------ SUPPLIED MATERIAL

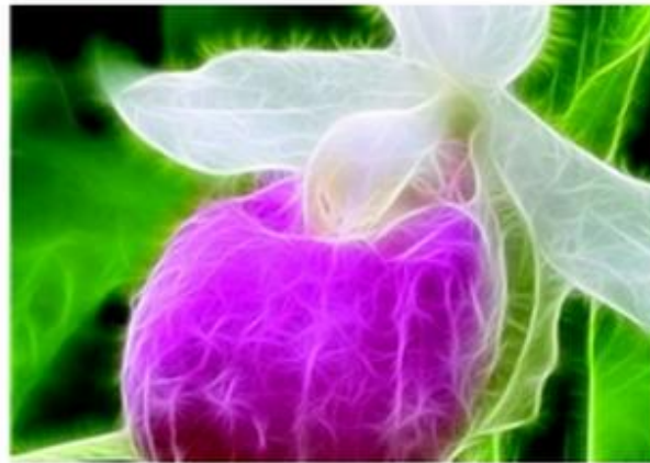
Spectacular Showy Pink and White Lady Slipper

Information excerpted with some modifications from Wikipedia.
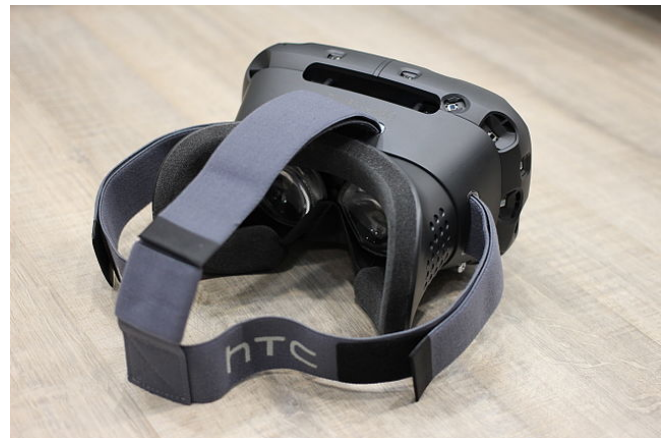
HTC Vive VR Headset
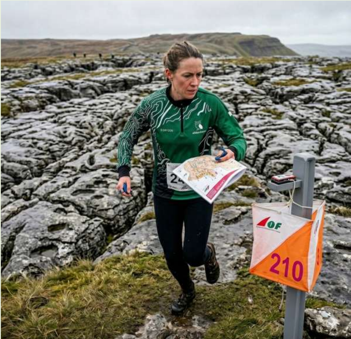
Picture of an unidentified Airienteer by Google Gemini AI (free version) in Thinking Mode.

I prompted Gemini AI to create 'an image of a woman about 35 - 40 years old running at this event on Carreg Goch, approaching a control and wearing this orienteering top',
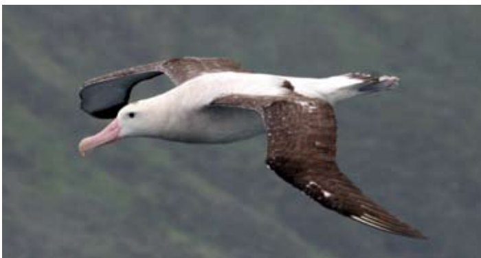
Tristan Wandering Albatross Diomedea dabbenana in front of Gough Island, Tristan da Cunha, where (apart from a few pairs on Inaccessible, also in the Tristan group) all of this species breed. The survival of this species and several others is at severe risk from predation of chicks by introduced mice.

Discussions during the Cayman conference and in other contexts have again highlighted a number of issues which are of broad concern to conservation workers across many UKOTs/CDs. Inevitably, climate change and invasive species are major
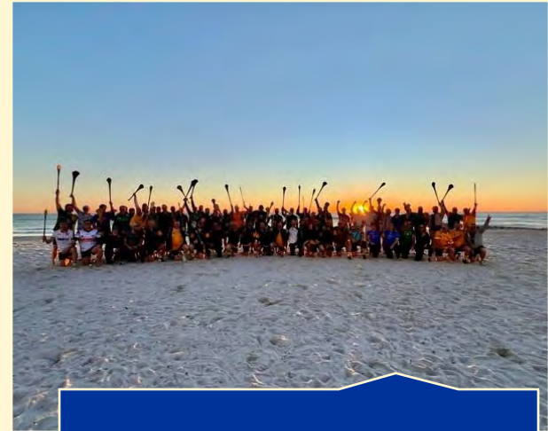
Sun Coast Hurling
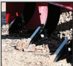
Adjustable Steel Digging Shanks with Replaceable Teeth
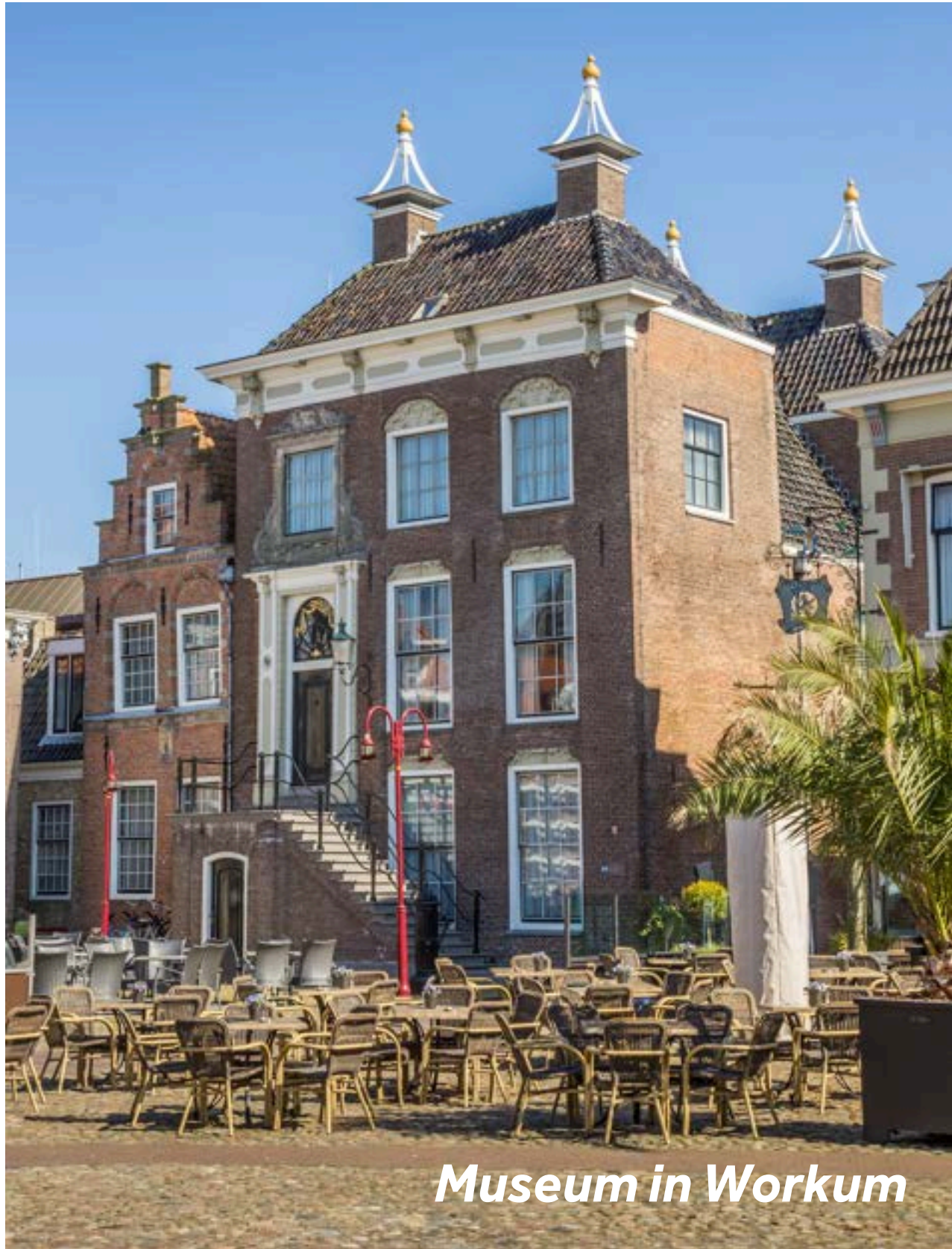
Museum in Workum

Jopie Huisman is a fantastic artist who views the common everyday things in a magical way, reproducing this magic in his art. His life story is explained alongside his paintings in a great little Museum in Workum's bustling main street, which also has a fine church and excellent places to eat and drink.
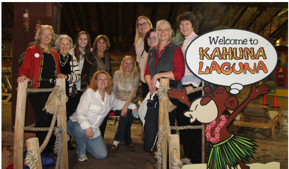
Tour of the indoor water park that was attached to the Red Jacket Resort
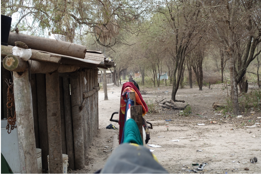
FIGURE 11. The fence that separates members of Yakye Axa from the lands that contain the site of yakye axa. Photo by author, July 2016.

are regularly flooded. On one wet day, I spoke with Inocencia, who described the effect of the rains: “You see? When it rains, there is mud everywhere. My house fills with mud. Just like pigs. That is how they [state officials] think of Indigenous people, like we are animals. They leave us here to suffer instead of giving us what the law says is ours, our land.” 43 The cargo trucks that careen down Ruta 5 hauling cattle, carbón , and contraband pose a lethal threat to the people of Yakye Axa. Passing traffic has struck, killed, and maimed several people during Yakye Axa’s tenure on the margin. Unlike the fast-moving traffic, there is a commonplace slow violence. Basic illnesses become grave threats. The promise of leaving the road one day brings hope but also the enduring trauma of uncertainty. Despite the urgency of the challenges that confront Yakye Axa, which are well known, state authorities have only haltingly implemented restitution as development. 44
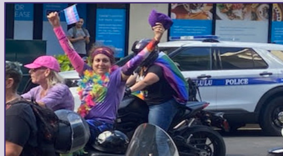
Above: Scenes from Honolulu Pride 2022.
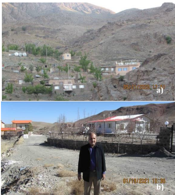
Figure 3. a) In Razg village (12 km distance to Birjand, center of South Khorasan province, east of Iran). b) In Hariwand, Fanood, Kahi and Khorashad villages (25 - 70 km distance to Birjand, center of South Khorasan province, east of Iran).

Urban growth processes in Iranian environments are mainly initiated from rural centers, which are largely surrounded by farmlands and fertile soils. Such proximity between these two utilities can cause conflict between multiple stockholders of different interests, which is normally associated with removal of agricultural fields and productive lands to provide space for more urban construction. In this regard, during the last four decades, the country has experienced 40% of growth in its population size and urbanism rate, which are also projected to continue during the upcoming decades. Urban expansion on agricultural land-use intensity is associated with a reduction in agricultural land-use intensity and GDP in industrial sector negatively affects farmland intensity. By establishing appropriate socio-economic and cultural-recreational attractions in areas with lower levels of competition, the pressure of future population growth can be shifted to areas with higher suitability for urbanization and lower competitions with farmlands (Iranian Bureau of Statistics, 2021; Moein et al., 2018; Golmohammadi, 2012; Golmohammadi, 2020) (Figure 3).
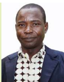
BINGVEN BONGNIM ORTHOPAEDIC WARD
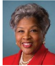
Joyce Beatty 3rd District R.
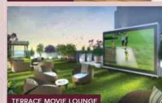
TERRACE MOVIE LOUNGE
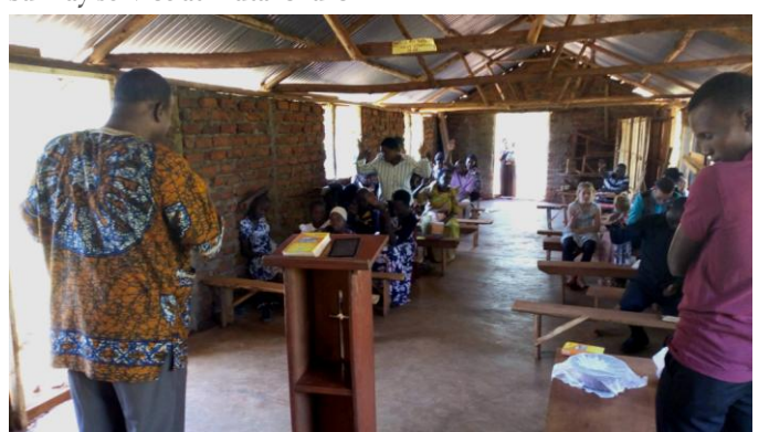
Sunday service at Mutai church
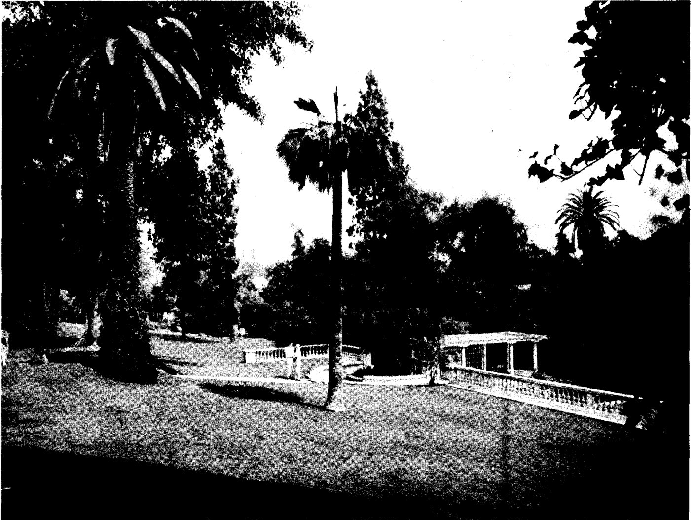
Magnificently landscaped campus grounds of Ambassador College are expansive, restful, beautiful.
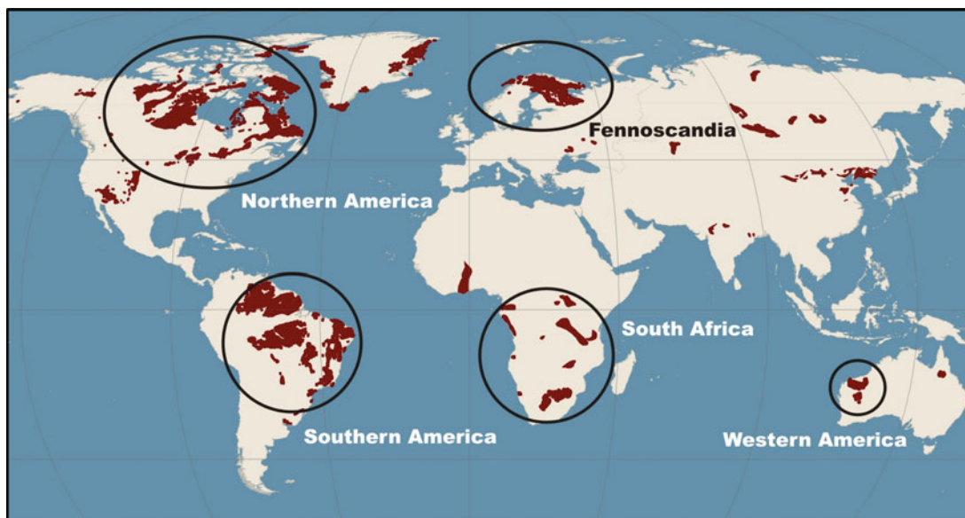
Fig. 2.2 Distribution of Palaeoproterozoic rocks (red) with circled areas highlighting the most continuous and thickly developed volcano-sedimentary successions sections (Map compiled by Aivo Lepland)
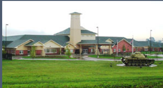
Future Site of Veterans' Memorial Project Eastern Nebraska Veterans' Home 12505 40th Street Bellevue, NE 68123

To send a donation through PayPal, please send money to cakucirek@paypal.com or go to the Papillion Fire Department's website at: http://www.papillion.org/fire_leadership_sarpy.cfm and click on the "PayPal Donate" button. If you would like to mail a check or money order for your donation, please complete this form and mail to the address on the reverse side. Please make your check out to Leadership Sarpy Veterans' Memorial Project. Your Donation is Tax Deductible.

------------

Once the pictures are set aside, reproduce the records in full and exactly.

Spectacular Showy Pink and White Lady Slipper

Information excerpted with some modifications from Wikipedia.
HTC Vive VR Headset
Picture of an unidentified Airienteer by Google Gemini AI (free version) in Thinking Mode.

I prompted Gemini AI to create 'an image of a woman about 35 - 40 years old running at this event on Carreg Goch, approaching a control and wearing this orienteering top',
Tristan Wandering Albatross Diomedea dabbenana in front of Gough Island, Tristan da Cunha, where (apart from a few pairs on Inaccessible, also in the Tristan group) all of this species breed. The survival of this species and several others is at severe risk from predation of chicks by introduced mice.

Discussions during the Cayman conference and in other contexts have again highlighted a number of issues which are of broad concern to conservation workers across many UKOTs/CDs. Inevitably, climate change and invasive species are major
Sun Coast Hurling
Adjustable Steel Digging Shanks with Replaceable Teeth
Museum in Workum

Jopie Huisman is a fantastic artist who views the common everyday things in a magical way, reproducing this magic in his art. His life story is explained alongside his paintings in a great little Museum in Workum's bustling main street, which also has a fine church and excellent places to eat and drink.
Tour of the indoor water park that was attached to the Red Jacket Resort
FIGURE 11. The fence that separates members of Yakye Axa from the lands that contain the site of yakye axa. Photo by author, July 2016.

are regularly flooded. On one wet day, I spoke with Inocencia, who described the effect of the rains: “You see? When it rains, there is mud everywhere. My house fills with mud. Just like pigs. That is how they [state officials] think of Indigenous people, like we are animals. They leave us here to suffer instead of giving us what the law says is ours, our land.” 43 The cargo trucks that careen down Ruta 5 hauling cattle, carbón , and contraband pose a lethal threat to the people of Yakye Axa. Passing traffic has struck, killed, and maimed several people during Yakye Axa’s tenure on the margin. Unlike the fast-moving traffic, there is a commonplace slow violence. Basic illnesses become grave threats. The promise of leaving the road one day brings hope but also the enduring trauma of uncertainty. Despite the urgency of the challenges that confront Yakye Axa, which are well known, state authorities have only haltingly implemented restitution as development. 44
Above: Scenes from Honolulu Pride 2022.
Figure 3. a) In Razg village (12 km distance to Birjand, center of South Khorasan province, east of Iran). b) In Hariwand, Fanood, Kahi and Khorashad villages (25 - 70 km distance to Birjand, center of South Khorasan province, east of Iran).

Urban growth processes in Iranian environments are mainly initiated from rural centers, which are largely surrounded by farmlands and fertile soils. Such proximity between these two utilities can cause conflict between multiple stockholders of different interests, which is normally associated with removal of agricultural fields and productive lands to provide space for more urban construction. In this regard, during the last four decades, the country has experienced 40% of growth in its population size and urbanism rate, which are also projected to continue during the upcoming decades. Urban expansion on agricultural land-use intensity is associated with a reduction in agricultural land-use intensity and GDP in industrial sector negatively affects farmland intensity. By establishing appropriate socio-economic and cultural-recreational attractions in areas with lower levels of competition, the pressure of future population growth can be shifted to areas with higher suitability for urbanization and lower competitions with farmlands (Iranian Bureau of Statistics, 2021; Moein et al., 2018; Golmohammadi, 2012; Golmohammadi, 2020) (Figure 3).
BINGVEN BONGNIM ORTHOPAEDIC WARD
Joyce Beatty 3rd District R.
TERRACE MOVIE LOUNGE
Sunday service at Mutai church
Magnificently landscaped campus grounds of Ambassador College are expansive, restful, beautiful.
Fig. 2.2 Distribution of Palaeoproterozoic rocks (red) with circled areas highlighting the most continuous and thickly developed volcano-sedimentary successions sections (Map compiled by Aivo Lepland)
Future Site of Veterans' Memorial Project Eastern Nebraska Veterans' Home 12505 40th Street Bellevue, NE 68123

To send a donation through PayPal, please send money to cakucirek@paypal.com or go to the Papillion Fire Department's website at: http://www.papillion.org/fire_leadership_sarpy.cfm and click on the "PayPal Donate" button. If you would like to mail a check or money order for your donation, please complete this form and mail to the address on the reverse side. Please make your check out to Leadership Sarpy Veterans' Memorial Project. Your Donation is Tax Deductible.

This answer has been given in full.